Blueprint Genetics is adding over 400 genes to 138 panels and introducing an improved clinical-grade Next Generation Sequencing assay for panels, single genes and variant specific testing. This update includes a number of recently discovered, clinically relevant deep intronic and regulatory variants and will facilitate the introduction of mitochondrial DNA testing to panels by the end of 2019.
The panel updates take into account new disease genes as reported in peer-reviewed literature and relevant databases, in addition to customer requests, to further enhance the clinical utility of the panels. The update will come into effect on October 21, 2019. All panels and single gene tests will be performed using our new assay, a targeted clinical exome that has been customized in-house to include over 4,000 genes and ~ 2,000 clinically relevant, non-coding variants.
“I am very happy about these updates, which will further improve the diagnostic yield of our tests. Our new assay covering over 4,000 genes provides better sequencing coverage (99.86% at depth >20x) and even higher accuracy. This data will demonstrate that our new assay quality exceeds the high standard that we have previously set with our NGS platforms. A longer-term goal of this update is to provide us with the flexibility to easily introduce new targets or features to our offering in the future. Mitochondrial DNA testing, as the latest addition, will be a new, exciting expansion for Blueprint Genetics,” says Blueprint Genetics’ Laboratory Director Juha Koskenvuo.
With this update, Blueprint Genetics has further boosted the capabilities to detect copy number variants from targeted sequencing data. Using in-house developed proprietary solutions, a 100% sensitivity has been established to detect single exon level deletions. Consistent with the company’s commitment to transparency, a comprehensive analytic validation will be available in the coming weeks.
According to Koskenvuo, high resolution CNV detection should be a standard in rare disease genetic diagnostics and health care providers should be aware of the quality and performance metrics of CNV detection in order to maximize the diagnostic yield for their patients.
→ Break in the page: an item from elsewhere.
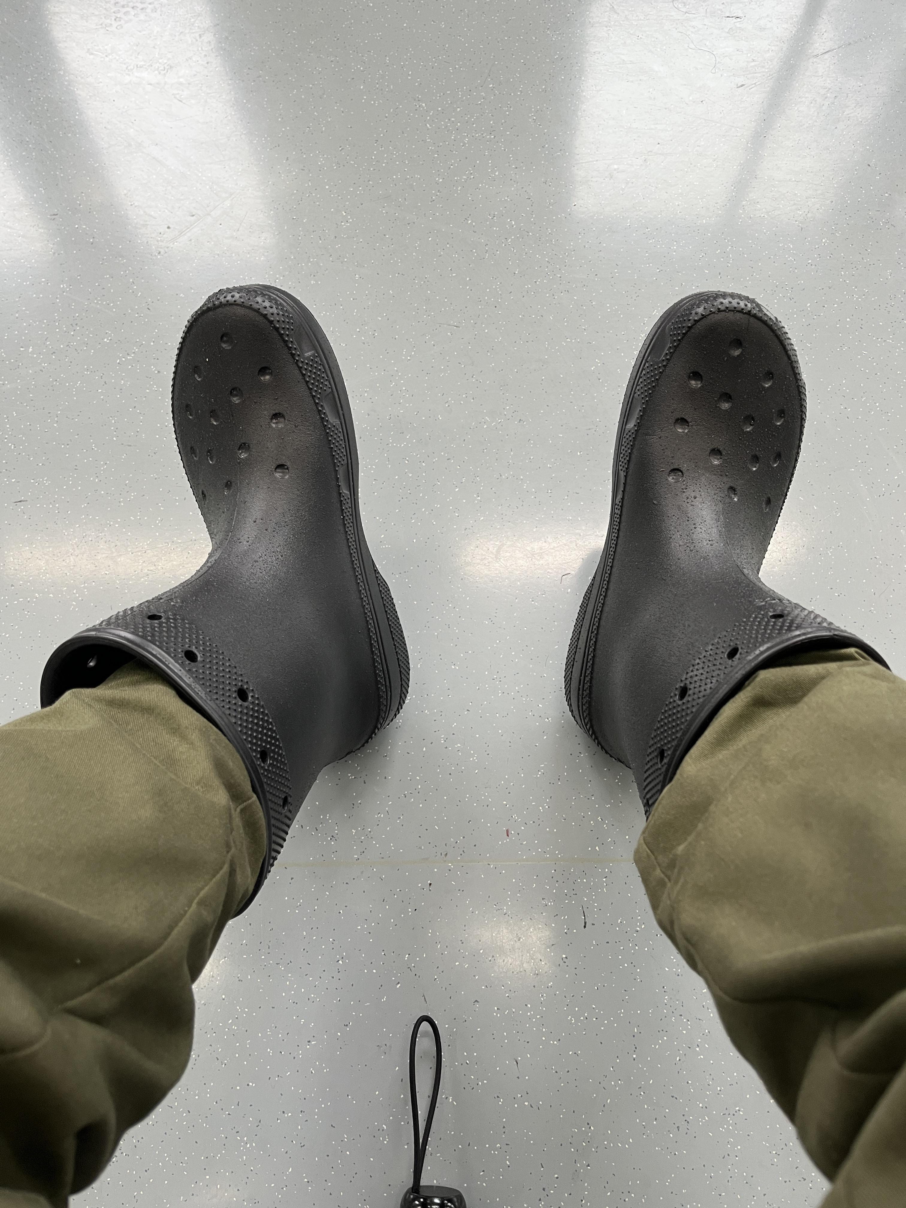 먼저 크록스의 레인부츠. 1년 내내 양말은 신고 주로 운동화를 신고, 발이 뭔가 불편하면 HP가 훅훅 떨어지는 타입의 인간이라 비가 신발을 타고 들어와 양말이 젖어서 만들어지는 무기력함의 해결이 주요 문제 중 하나였다. 레인부츠나 고어텍스 등 방수류 운동화를 살까 했지만 비용, 못생김, 불편할 거 같음 등으로 망설이다가 생활의 쾌적함과 즐거움이 무엇보다 먼저 해결해야 할 일이 아닌가 라는 생각 끝에 크록스의 클래식 레인부츠를 구입. 클록스라면 편안함의 대명사니까 좋지 않을까라는 생각이 컸음. 클록스에는 몇 가지 레인부츠가 있고 크러쉬 레인부츠가 보다 어글리한 생김새 덕분에 인기도 있는 듯 한데 클래식 레인부츠다. 그냥 작업화랑 비슷한 느낌.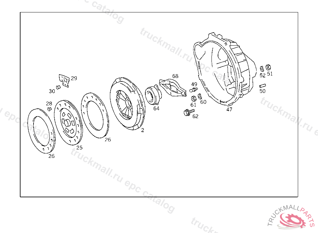 CLUTCH PRESSURE PLATE , UP TO IDENT NO. 941505 EXCEPT FOR 899081-941503 ONLY WITH OM601/OM602 ENGINE NOT WITH TWO-MASS FLYWHEEL

“An average of 5-10% of disease-causing variants are CNVs. We are seeing compelling evidence to support this with our in-house data as well as research in the field. The majority of healthcare professionals already choose to include CNVs in their tests. However, if CNV detection is not included or if the technology is not optimized to detect smaller CNVs, a molecular diagnosis may be missed in many patients,” Koskenvuo continues.
Additionally, Blueprint Genetics is expanding its panel customization options. After the update, up to 200 genes from any medical specialty can be added to any panel at no additional cost. Over 4,000 genes will be available for customization. These customized panels can be saved by the user in Blueprint Genetics’ online portal, Nucleus, for use with future patients adding additional value.
- Over 400 genes will be added to 138 panels
- All panels, single genes and variant specific testing will be analyzed with a targeted, in-house tailored clinical exome, which includes over 4,000 genes and over 2,000 clinically relevant, non-coding intronic variants
- Clinical exome platform has a highly uniform sequencing coverage and depth (99.86% coverage at depth >20x and a mean depth of 143x)
- The new platform demonstrates market leading performance with CNVs and difficult-to-sequence genes
- The number of single genes available for testing is growing from 2,500 to over 3,900
Blueprint Genetics continues to offer high quality Whole Exome Sequencing (analysis of ~20,000 genes) and the option to expand to Whole Exome sequencing from any panel or single gene.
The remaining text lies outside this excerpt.